═════ Extracted data ═════

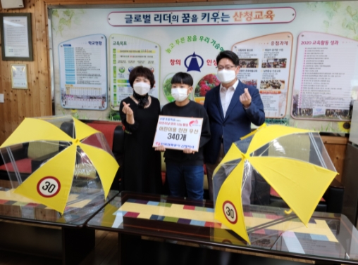 산청초, 어린이날 기념 우산 증정최정현 기자 /
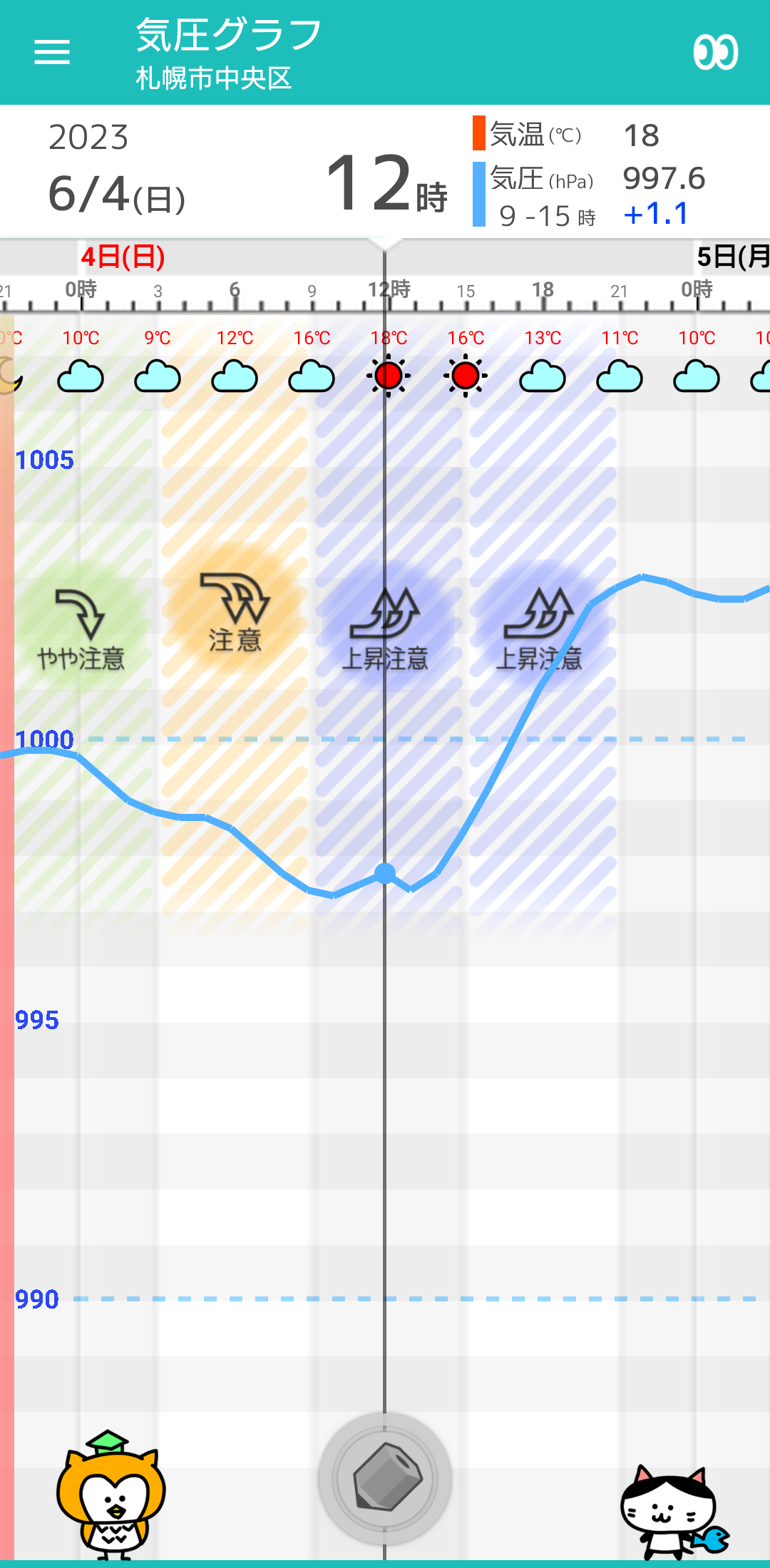低下圧の影響で朝にかけて低下が大きく、その後は上昇に変わって変化も大きくなるため注意してください。
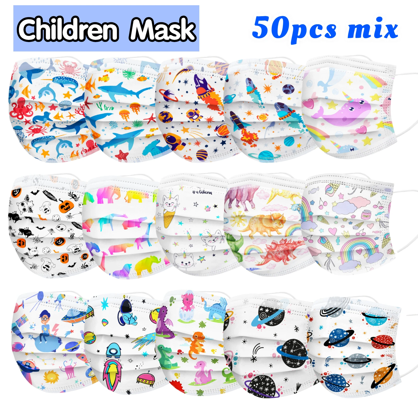 50 шт. в коробке, одноразовая маска для детей с героями мультфильмов, 3 слоя, детский фильтр, гигиеническая плотная маска для лица, для ушей, быстрая доставка
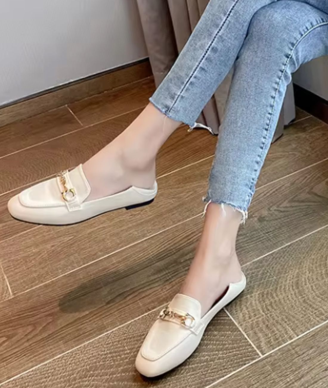 Sie sind zart Der cremige Beigeton verkörpert moderne Eleganz, während die quadratische Spitze einen modernen Touch verleiht. Ein schimmerndes Silberstück ziert diese Mokassins und verleiht ihm eine dezente Glanznote, die die Feinheit des Modells hervorhebt.
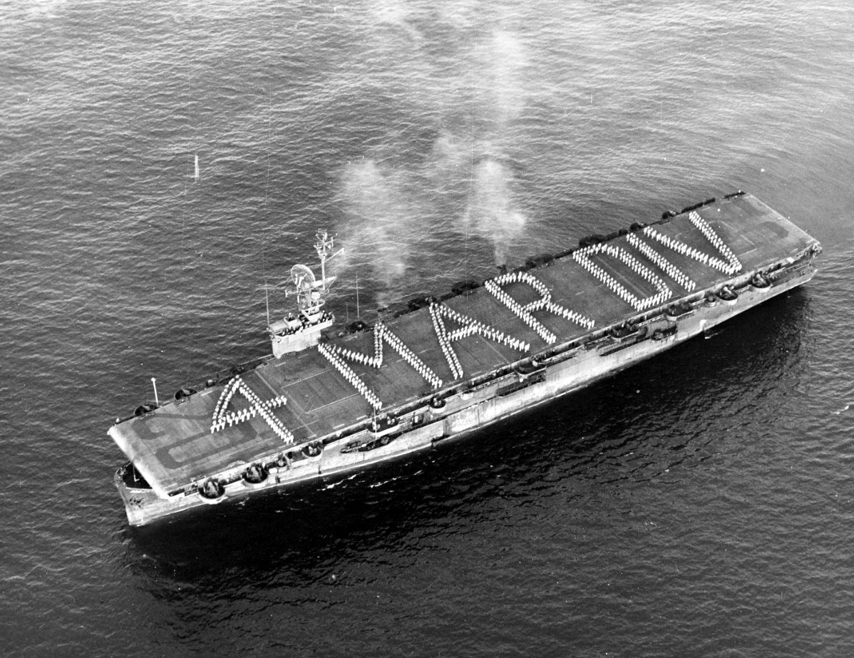352k | USS Attu (CVE-102) arrives at San Diego, California, at the end of a "magic carpet" transport run, on 12 October 1945. Personnel on deck are paraded in honor of the Fourth Marine Division. Photo by NAS San Diego. Collection of Captain Nays R. Browning, USNR. Naval History and Heritage Command (NHHC), photo # NH 96048. |

═════

**Action item**
Restate the entries verbatim, without pictures.

**Problem solution**
 산청초, 어린이날 기념 우산 증정최정현 기자 /
低下圧の影響で朝にかけて低下が大きく、その後は上昇に変わって変化も大きくなるため注意してください。
 50 шт. в коробке, одноразовая маска для детей с героями мультфильмов, 3 слоя, детский фильтр, гигиеническая плотная маска для лица, для ушей, быстрая доставка
 Sie sind zart Der cremige Beigeton verkörpert moderne Eleganz, während die quadratische Spitze einen modernen Touch verleiht. Ein schimmerndes Silberstück ziert diese Mokassins und verleiht ihm eine dezente Glanznote, die die Feinheit des Modells hervorhebt.
352k | USS Attu (CVE-102) arrives at San Diego, California, at the end of a "magic carpet" transport run, on 12 October 1945. Personnel on deck are paraded in honor of the Fourth Marine Division. Photo by NAS San Diego. Collection of Captain Nays R. Browning, USNR. Naval History and Heritage Command (NHHC), photo # NH 96048. |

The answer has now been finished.